Oh, stay away from that, Sandy; that is too close to home. In the mornings, when the sun ricocheted off the bay into the bedroom, it had been his custom to get up and make coffee, beginning with shade-grown Costa Rican beans a friend shipped him from San José. He was a fetishist, she teased. Anyone who abandoned her alone and languorous on a big bed in the morning sunshine to make coffee had to be. And a fool to boot, she liked to say.

“The grinder broke. I threw it away,” Meadows lied.

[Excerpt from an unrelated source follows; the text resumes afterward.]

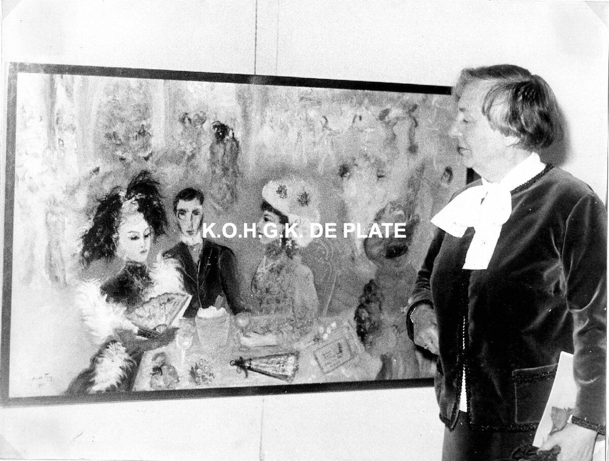 Formaat : 18 x 24 cm. - De kunstenares tijdens de vernissage op 26/06/1965. - Catalogus van de tentoonstelling : Plate Bib A227

“Oh? Somehow, Chris, I can’t imagine you without your trusty grinder. Or is it that there is someone to make your coffee?”

“No,” he said quickly. “I make it myself still.”

Meadows struggled unsuccessfully to regain his poise.

“You…you haven’t changed much, I mean not a bit at all. How have you been? All that time.”

“It went so fast.” She blurted it out, a set piece. “After we, uh, after I left Florida, I went up to New York and thought about finding a job. But I never got a chance. Almost as soon as I got there I met Harold and he…swept me off my feet.” She smiled in apology for the phrase. “We were married in two weeks—can you believe it? Then, bang, along came Jessica right away, and well, Syracuse, when Harold’s company transferred him there. Apart from that I haven’t changed a bit. Big, old-fashioned country girl who likes the sun in her face and sand between her toes.” The smile again.